## Try it
Note on the material below: return exactly the lines from the line that holds "Idéale pour les" through the line that holds "På startvyn presenteras", and leave out each picture.

## Provided entries
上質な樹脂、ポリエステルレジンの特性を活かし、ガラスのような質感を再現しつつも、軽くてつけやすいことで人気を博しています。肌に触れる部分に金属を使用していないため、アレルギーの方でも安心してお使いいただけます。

==

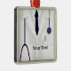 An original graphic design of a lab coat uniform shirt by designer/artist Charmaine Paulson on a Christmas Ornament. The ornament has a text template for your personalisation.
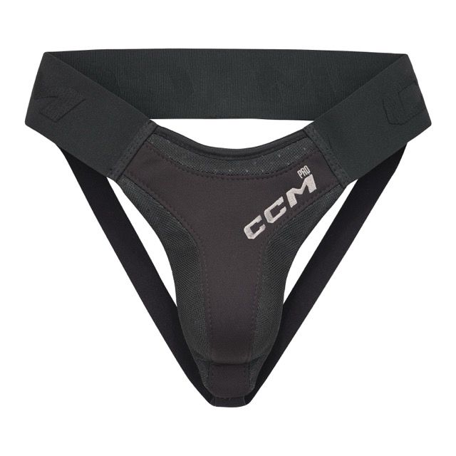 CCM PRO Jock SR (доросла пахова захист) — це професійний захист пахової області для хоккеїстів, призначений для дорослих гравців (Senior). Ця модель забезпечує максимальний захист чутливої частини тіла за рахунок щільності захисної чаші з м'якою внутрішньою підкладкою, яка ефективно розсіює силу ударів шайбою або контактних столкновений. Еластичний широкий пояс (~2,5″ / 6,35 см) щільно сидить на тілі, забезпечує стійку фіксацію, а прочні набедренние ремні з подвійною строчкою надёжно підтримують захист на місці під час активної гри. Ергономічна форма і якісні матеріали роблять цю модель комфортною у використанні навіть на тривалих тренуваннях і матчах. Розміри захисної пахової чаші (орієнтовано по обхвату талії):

--

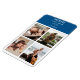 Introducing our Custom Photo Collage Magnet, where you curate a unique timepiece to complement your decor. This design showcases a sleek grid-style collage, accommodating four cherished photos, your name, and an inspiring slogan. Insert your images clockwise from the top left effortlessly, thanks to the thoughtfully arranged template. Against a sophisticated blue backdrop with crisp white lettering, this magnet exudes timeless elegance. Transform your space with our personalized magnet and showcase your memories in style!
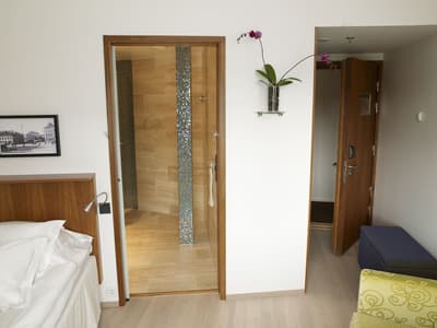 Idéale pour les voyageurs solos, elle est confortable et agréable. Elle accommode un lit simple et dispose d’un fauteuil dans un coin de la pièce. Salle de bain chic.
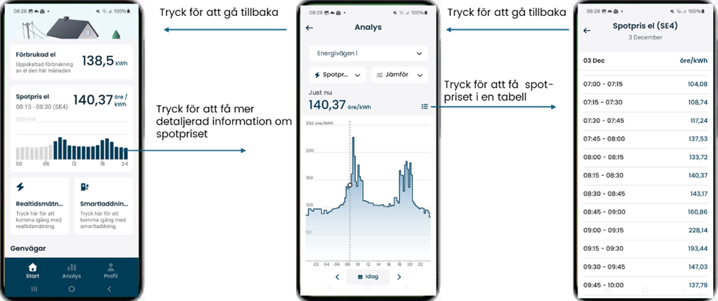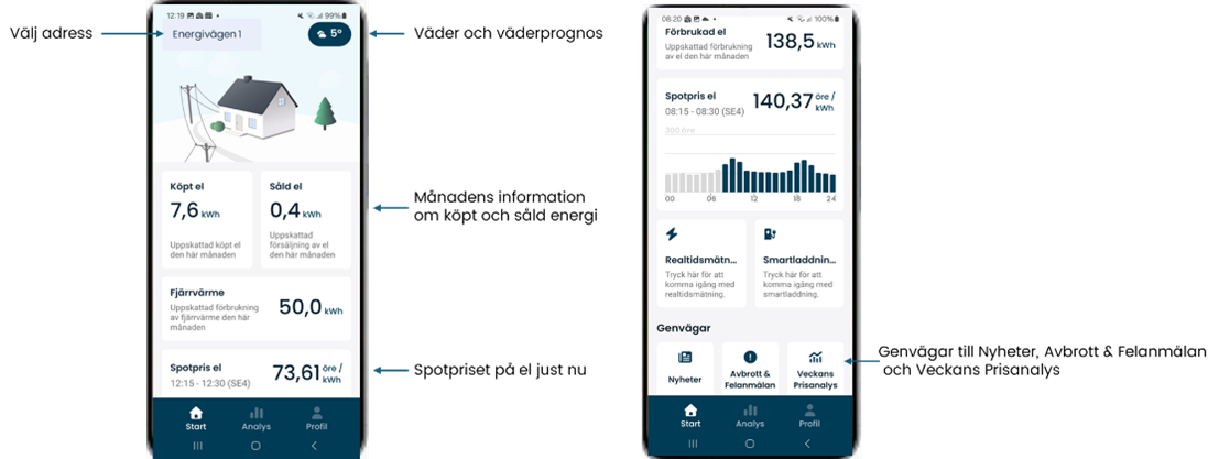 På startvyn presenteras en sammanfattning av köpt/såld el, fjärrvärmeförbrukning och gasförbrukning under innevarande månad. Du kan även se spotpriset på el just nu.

## Task answer
 Idéale pour les voyageurs solos, elle est confortable et agréable. Elle accommode un lit simple et dispose d’un fauteuil dans un coin de la pièce. Salle de bain chic.
 På startvyn presenteras en sammanfattning av köpt/såld el, fjärrvärmeförbrukning och gasförbrukning under innevarande månad. Du kan även se spotpriset på el just nu.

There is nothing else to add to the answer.